Mon fils, je t'écris parce que j'ai besoin de temps pour trouver les bons mots pour ce que j'ai à te dire. Je voudrais très fort que tu lises ce message jusqu'au bout. Que tu le relises encore après, pour bien saisir mes intentions.

Je t'aime. Cette réalité est indéniable. Tu es, toi, ton frère et ta soeur les êtres pour qui je ferais tout. C'est pour ça que je t'écris.

J'ai vu une publicité à la télévision. Pour la première fois, j'ai compris qu'elle s'adressait aux personnes qui deviennent d'innocentes victimes. Nous les parents, ta famille élargie, ton entourage, tous ceux qui t'aiment et que tu aimes.

Dans cette pub, il y a deux personnes assises l'une en face de l'autre. Deux frères. L'un parle à l'autre et l'autre lui pose toujours la même question. Il a, depuis plusieurs années, perdu l'usage de sa mémoire à court terme... À très court terme. Il ne retient aucune information plus de 30 secondes. Et dans son cas, c'est une grande amélioration. Durant quelques années, il ne se souvenait pas de ce qu'on venait tout juste de lui dire. Cette partie de son cerveau a gravement été affectée par un accident de voiture. Il n'a aucune autonomie, il ne peut même plus rêver. Il n'a plus d'avenir. À 20 ans, le reste de sa vie va être bien long.

Il roulait trop vite, sans s'attacher.

Continue à lire, je t'en prie. Fais ça pour moi.

Je ne vais pas te parler de statistiques puisque nous les connaissons tous. Non plus du développement du cerveau qui se fait plus lentement chez les garçons. Les derniers réseaux finissent de se tisser vers l'âge de 25 ans. Cela veut dire que, souvent, ce sont les impulsions qui mènent à des comportements irrationnels. C'est de ça dont je vais te parler.

Pense à nous, à ta famille, mais surtout à toi. À la fragilité de la vie.

Ta soeur m'a dit qu'elle était inquiète de la façon dont tu comportes au volant. Tu roules vite, sans respecter les limites de vitesse, sans ceinture attachée... Elle est inquiète parce qu'elle t'aime.

Je t'ai souvent fait part de mes craintes. Je ne veux pas te perdre. Pense à ton frère qui aurait pu perdre la vie en 2008. C'est presque un miracle qu'il n'ait pas eu de conséquence grave à la suite de cet accident.

Perdre la vie, c'est définitif et dévastateur pour ceux qui restent. Mais demeurer handicapé pour la plus grande partie de ta vie, ça l'est pour toi aussi.
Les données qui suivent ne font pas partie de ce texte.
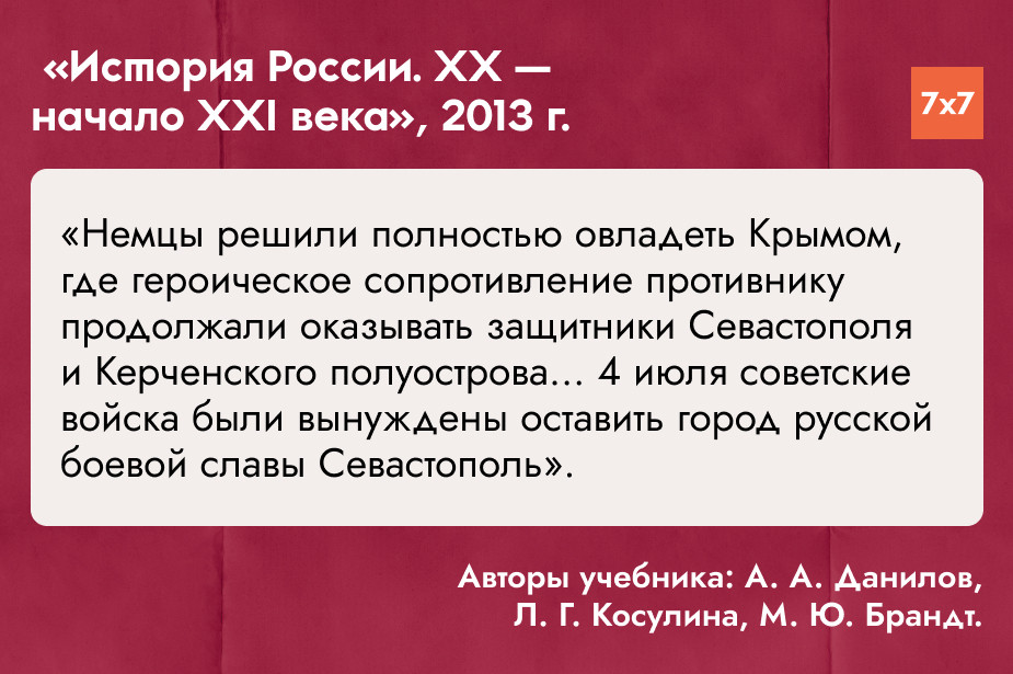 О поражениях СССР в 1941–1942 годах в учебнике ничего нет. Вместо этого говорилось, что Красная Армия «упорно отстаивала каждую пядь советской земли». Потери и оккупированные территории авторы не называли — лишь говорили о населенных пунктах, которые были освобождены к концу 1942 года.

Essaie juste de t'imaginer cloué dans un corps qui ne répond plus, abandonné par la vie... par ta propre faute.

Pense à tes amis qui te font confiance, qui ont eux aussi confiance en la vie qui s'ouvre devant vous. Imagine ta vie, si tes amis perdent la leur, en montant dans ta voiture... Tu as la responsabilité de leur sécurité. Pense aux remords que tu devras porter sur tes épaules pour le reste de tes jours. Ça te sera tellement insupportable.

Attachez votre ceinture de sécurité... de grâce. Un simple clic. Deux secondes de votre temps.

Ça ne sauve pas toutes les vies. La vitesse, l'alcool et bien d'autres causes encore ont fait bien des ravages, mais ça en préserve plus que moins.

Je ne sais pas ce qu'il adviendrait si la route t'arrachait à moi. Je veux vraiment que tu comprennes que la vie est bien fragile, mais elle peut être magnifique quand on a encore tout ce qu'il faut pour en faire ce qu'on veut.

La décision t'appartient. Je ne vais pas te rappeler constamment d'être prudent. C'est à toi de le faire, de te conduire comme un être qui réfléchit aux conséquences de ses actes.